Wong SK, Mohamad NV, Ibrahim N', Chin KY, Shuid AN, Ima-Nirwana S

Int J Mol Sci. 2019 Mar 22;20(6). pii: E1453. doi: 10.3390/ijms20061453.

Abstract

Bone remodelling is a tightly-coordinated and lifelong process of replacing old damaged bone with newly-synthesized healthy bone. In the bone remodelling cycle, bone resorption is coupled with bone formation to maintain the bone volume and microarchitecture. This process is a result of communication between bone cells (osteoclasts, osteoblasts, and osteocytes) with paracrine and endocrine regulators, such as cytokines, reactive oxygen species, growth factors, and hormones. The essential signalling pathways responsible for osteoclastic bone resorption and osteoblastic bone formation include the receptor activator of nuclear factor kappa-B (RANK)/receptor activator of nuclear factor kappa-B ligand (RANKL)/osteoprotegerin (OPG), Wnt/β-catenin, and oxidative stress signalling.

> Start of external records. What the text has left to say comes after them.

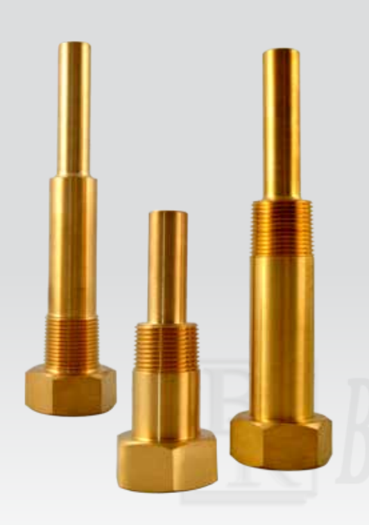
Model BR9TW Industrial Threaded Thermowells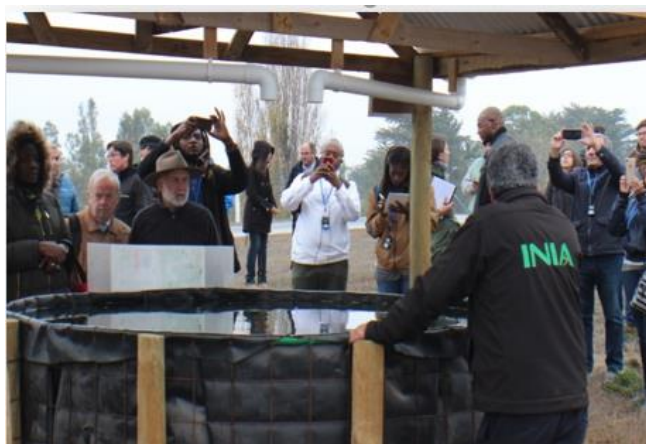
Picture 2: INIA Technical Programme Coordinator demonstrates an open rainwater catchment system

27. AGCID expressed that it was in a race against time to expand the project as the country enters its tenth year of drought. O'Higgins receives barely 50 percent of what would be considered its normal rainfall, and this has occurred for the last ten years. This has caused a decrease in ground vegetation and a need to alter ploughing methods. Current ploughing methods were not going deep enough and were causing the ground to become hard packed, preventing easier planting of crops.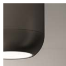
NI Matt nickel

EELc (Energy Efficiency Label compatibility) contain built in LED lamps that cannot be changed: A, A+, A++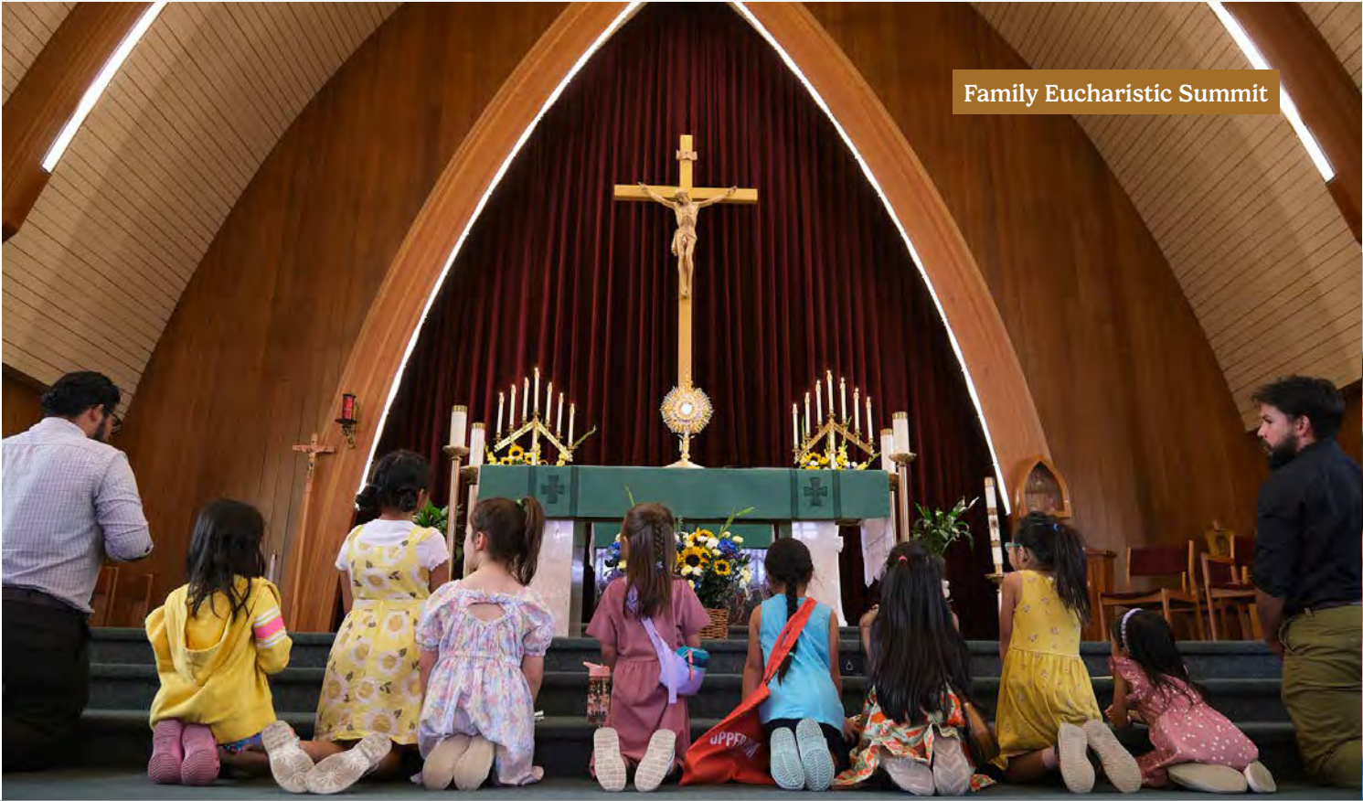
Family Eucharistic Summit

We offered two retreats for Catholics who have gone through divorce or separation.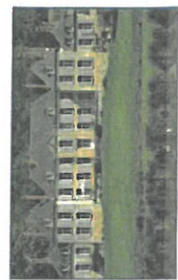
Le Château de Warsy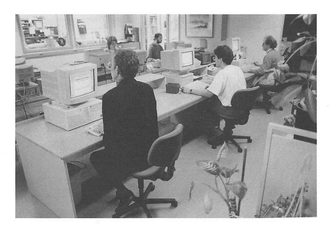
Research and Development Facility, Language Centre, University of Victoria.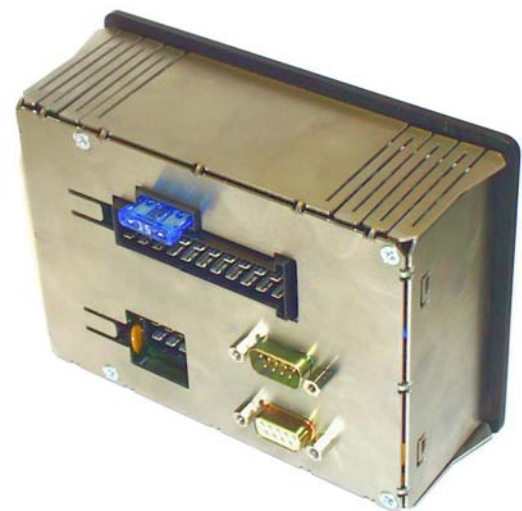
Side view AT37

We reserve the right to make technical alternations without prior notice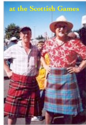
at the Scottish Games

mountains and ocean); and made a final stop at a gelato store featuring 208 flavors (from balsamic vinegar to garlic to lavender to blackberry jalapeño)! In addition, I was took some other day trips: Snoqualmie Pass (February) to hike in the snow; Bloedel Reserve (August), a 150-acre private wildlife sanctuary with woods, meadows and gardens; the Scottish Highland Games (July), a cultural festival in the shadow of Mt. Rainier; and a few trips to the gay campground in North Cascades.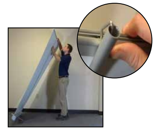
Lean banner back to hook top bar onto pole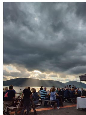
The end of day 1

Monday dawned with a lighter wind coming out of the Northwest and the round the cans race to Blairmore kicked off the days events. Close sailing, many changes of position and the luck of the wind saw the fleet lead change several times. A welcome lunch break ashore and an afternoon race completed Day 2.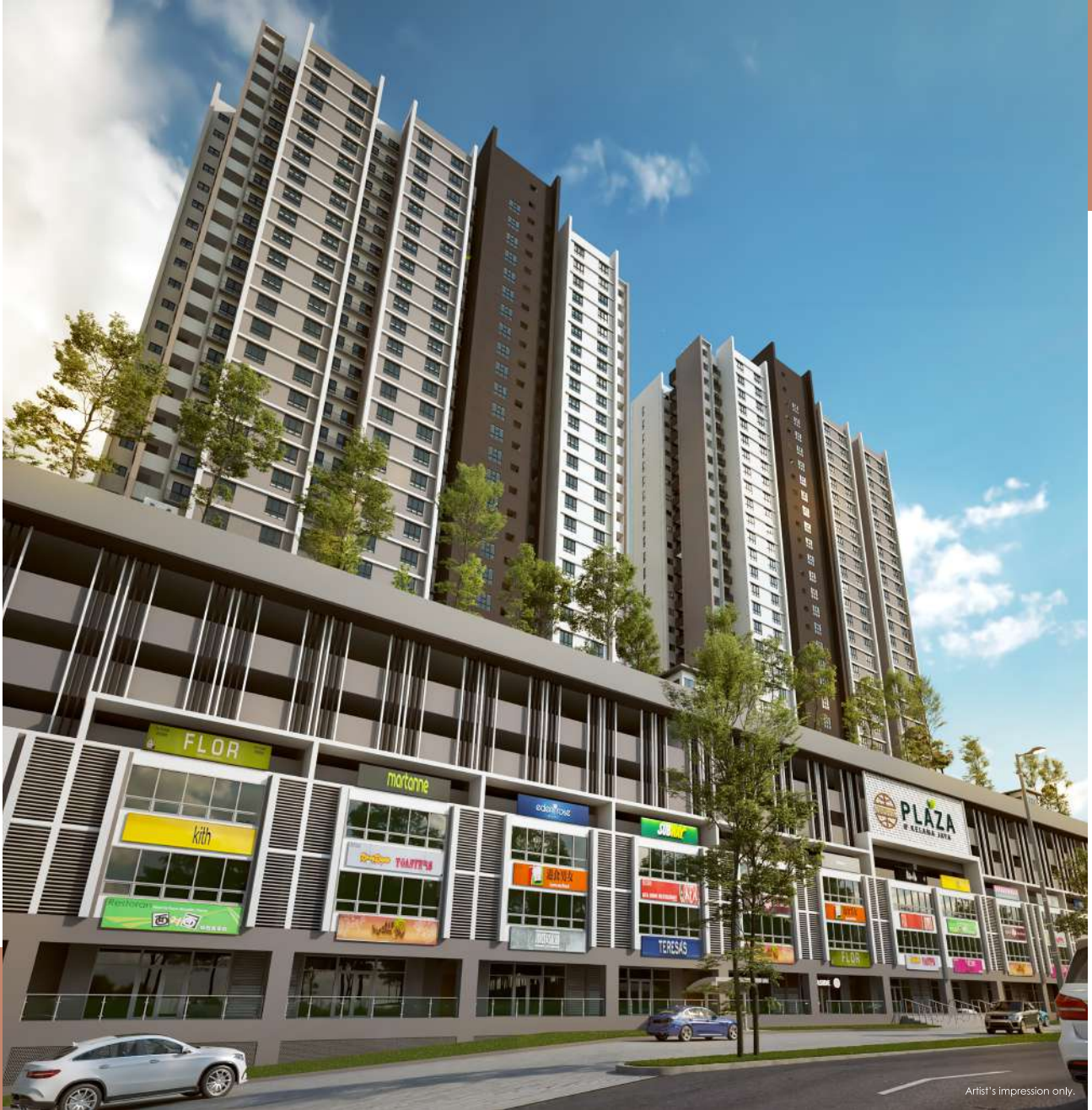
Artist's impression only.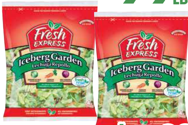
Ensalada Fresh Express Garden Salad, 10 oz.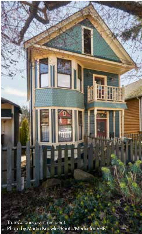
True Colours grant recipient.

VHF concluded a second phase of the Heritage Energy Retrofit Grant program, developed with the City of Vancouver Sustainability Group and City Green Solutions, and with funding support from the City of Vancouver. It offers grants and support to pre-1940 or Heritage Register homes to incentivize reductions in greenhouse gas (GHG) emissions and water conservation measures. Twenty-five homes completed retrofits under this phase of the program, achieving an average annual reduction in GHG of 3.25 tonnes (CO 2 e/year). A third phase of the program was launched in December with increased funding available per participating home and continued emphasis on building envelope improvements and greater incentive for clean energy options.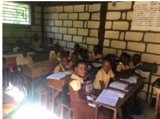
Secondary 1 and 2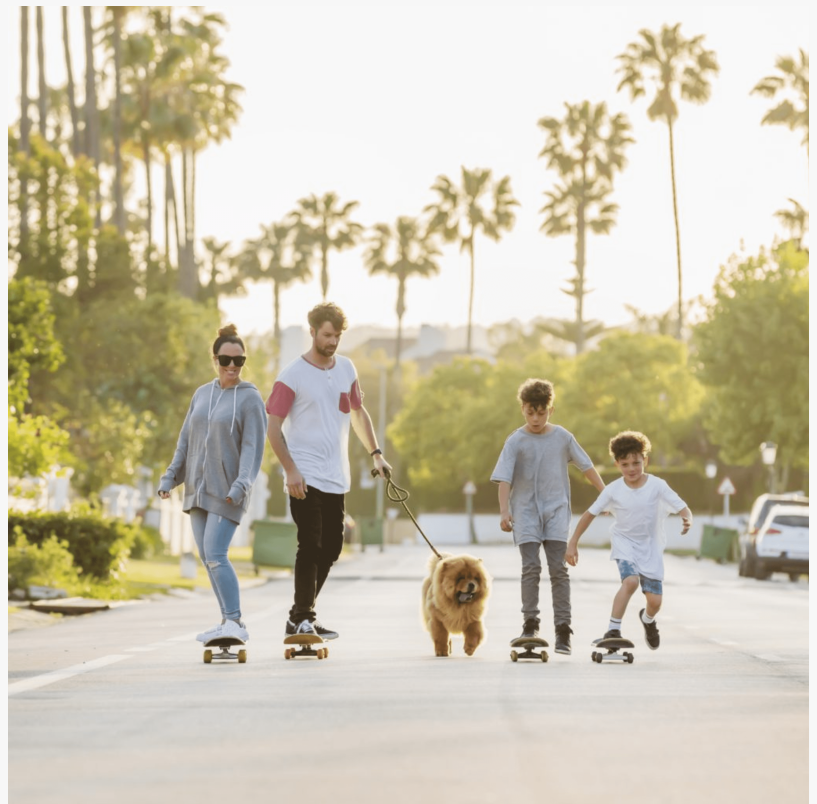
Living in Marbella lets you enjoy your time with friends and family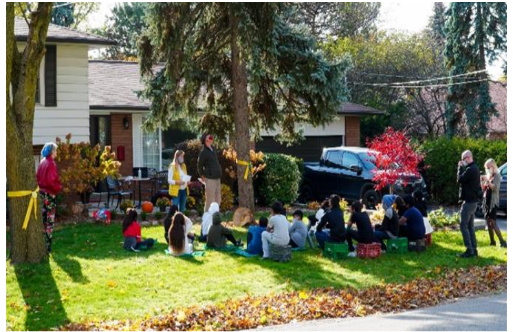
Students from Bliss Carman Public School getting a lesson on the benefits of trees

The Tree Ribbon Campaign was launched by the Cliffcrest Scarborough Village SW Residents Association to bring attention to the neighbourhood forest at risk of being lost if the decisions made about these neighbourhoods do not give consideration to the value of our trees.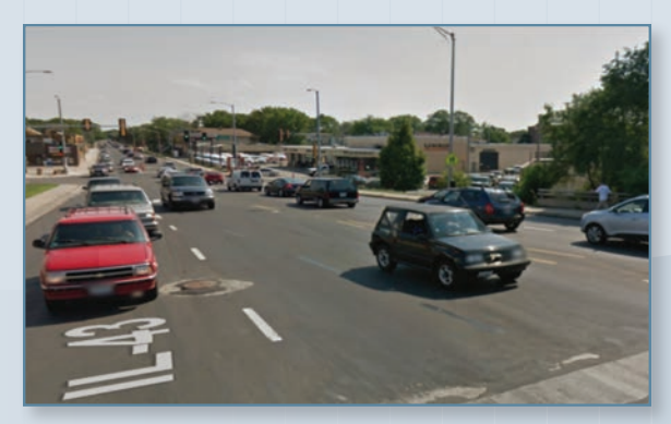
Circle Avenue Facing South towards Harrison Street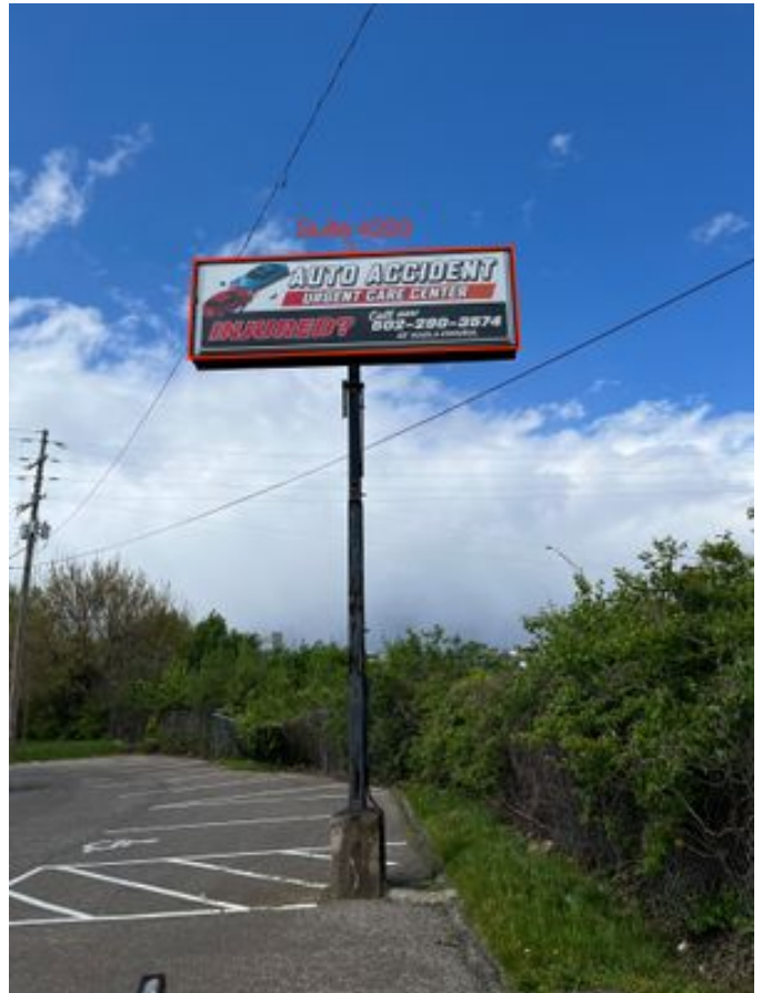
Watterson Plaza- Suite 4200- Pylon Sign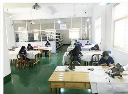
3. Assemble workshop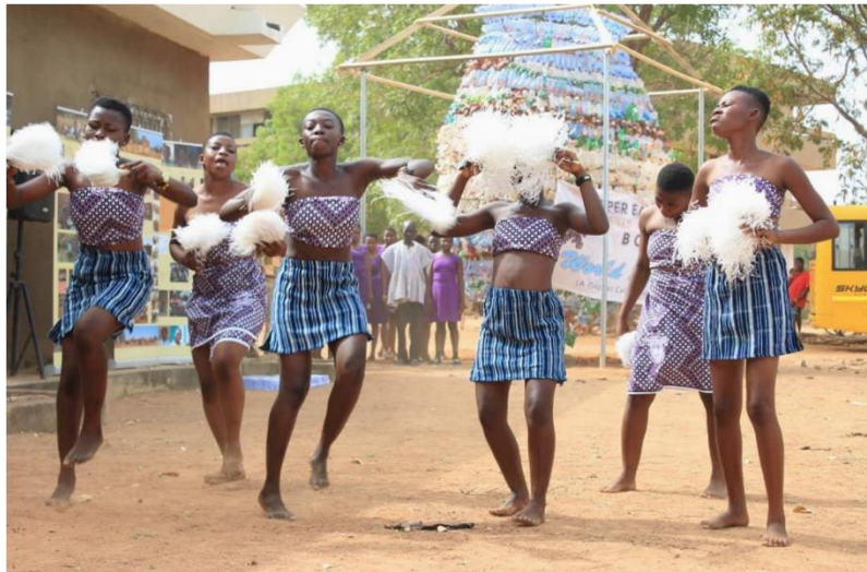
Figure 6. Cultural display by Zuruangu Senior High School

The imbalance between bone formation and degradation, in favour of resorption, leads to the occurrence of osteoporosis. Intriguingly, vitamin E has been extensively reported for its anti-osteoporotic properties using various male and female animal models. Thus, understanding the underlying cellular and molecular mechanisms contributing to the skeletal action of vitamin E is vital to promote its use as a potential bone-protecting agent. This review aims to summarize the current evidence elucidating the molecular actions of vitamin E in regulating the bone remodelling cycle.